Serben und Montenegriner haben keine größeren historischen, ethnischen oder religiösen Differenzen. Ähnlich wie Österreich gegenüber Deutschland sucht Montenegro unter Milo Đukanović daher die Abgrenzung gegenüber Serbien in seiner historischen Staatlichkeit. Doch Ambivalenz schimmerte in dem montenegrinischen nationalen Stolz stets durch, denn auch mancher montenegrinische Fürst definierte sich in der Vergangenheit als glühender Serbe. Die Erinnerung daran pflegt man besonders gerne im armen Norden des Landes, wo die Mehrheit auf ihre serbischen Identität beharrt.
Die friedliche Trennung von Belgrad und Podgorica wurde im Jahre 2006 vollzogen.
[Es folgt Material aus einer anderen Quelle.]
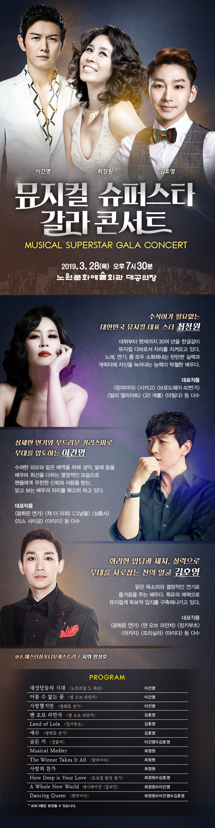 ▶ 공연일정 : 2019. 3. 28.(목) 오후 7:30▶ 공연장소 : 노원문화예술회관 대공연장▶ 장르 : 뮤지컬▶ 관람료 : R석 7만원, S석 6만원, A석 4만원 (유료회원 30% 할인)▶ 관람연령 : 8세 이상▶ 문의 : 노원문화예술회관 ☎ 02-2289-6830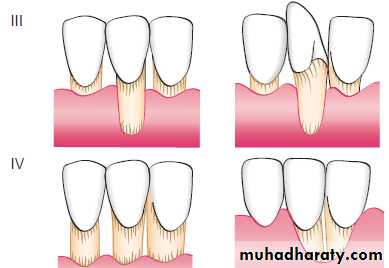 The prognoses for classes I and II are good to excellent; whereas for class III, only partial coverage can be expected. Class IV has a very poor prognosis with current techniques.Miller’s classification of denuded roots.

Genau diese Trennung, deren Chefideologe Đukanović war, hinterließ eine tiefe Spaltung in Montenegro: Im Kernland und an der Adriaküste sicherte sich Đukanović stets eine eigene Mehrheit, im bergigen Norden hingegen war er nie besonders beliebt.
Verordnete pro-westliche Haltung
Milo Đukanović setzt in seinem Machtapparat auf den staatsbezogenen montenegrinischen Nationalismus, Klientelismus und eine verordnete pro-westliche Haltung: Da und dort werden Journalisten schikaniert und umgebracht, die Partreitreuen und ihre Familien haben Jobs, die anderen eher nichts. Seit ein italienischer Staatsanwalt in den neunziger Jahren die vorbereitete Anklage gegen Đukanović wegen Zigarettenschmuggels ruhen ließ, führt der "lupenreine Demokrat" das Land Richtung EU und NATO.
Lange schien es so, als ob diese Rechnung aufgehen würde. Doch dann kam die Neuauflage der russisch-westlichen Auseinandersetzung. Das stürzte die Montenegriner in Entscheidungsnot. In der Hauptstadt Podgoricas steht ein Puschkin-Denkmal. An der Adria-Küste verbrachten etliche wohlhabenden Russen ihre Freizeit. Unter Milo Đukanović kauften reiche Russen Grundstücke am Meer, einige Radio-Sender führten russischsprachige Sendungen ein.
Russland seit langem eng verbunden
Diese Russophilie hat eine lange Vorgeschichte. Das kleine Bergvolk konnte nie ganz unter osmanische Herrschaft gebracht werden. Das ganze Land war "das kleine gallische Dorf" des Balkans, unterstützt durch das zaristische Russland. Und so wurden die Montenegriner traditionell russlandgläubig. Ähnlich wie in der Frage, ob die Montenegriner mit den Serben eng verwandt sind, gibt es landesweit im aktuellen Verhältnis zu Russland eine fast schizophrene Haltung.
Doch basierend auf dieser Ausgangslage führt die Realpolitik von Đukanović zu einem kulturellen Bruch: Denn im Unterschied zu Belgrad unterstützt Podgorica neuerdings die westlichen Sanktionen gegen Russland. Und die Nato wird dem Land voraussichtlich Ende des Jahres die Mitgliedschaft anbieten. Ein Geschenk mit Sprengstoff, denn die ohnehin gespaltene Gesellschaft wird das noch mehr zerreißen und sie bekommt einen zusätzlichen Anlass, alte Rechnungen zu begleichen.
Kein friedlicher Diskurs über die Zukunft denkbar
Mag sein, dass Russland da und dort die zerstrittene und schwache Opposition zum Widerstand anstiftet. Doch Beweise fehlen bis jetzt. Die Gewaltbereitschaft auf beiden Seiten, die Machtarroganz und Korruption der Regierenden sowie eine erschreckende Konzeptlosigkeit der Opposition - all das ist hausgemacht. Das lässt nichts Gutes erahnen.
Ein Klischeebild des Montenegriners zeigt einen überstolzen Krieger mit schlechter Arbeitsmoral. Klar, Klischees sind stets mit Vorsicht zu genießen. Doch derzeit wäre es sicherlich unrealistisch, mehr Friedensliebe gepaart mit mehr Fleiß bei der Lösung der montenegrinischen Krise zu erwarten. Auch Hilfe von außen ist sehr unwahrscheinlich, denn die EU ist voll und ganz mit sich selbst beschäftigt. Die Montenegriner selbst aber werden ihre Konflikte kaum noch friedlich austragen. Dafür fehlen alle geopolitischen, wirtschaftlichen und gesellschaftlichen Voraussetzungen. Vor allem aber - und das ist entscheidend - fehlt der politische Wille.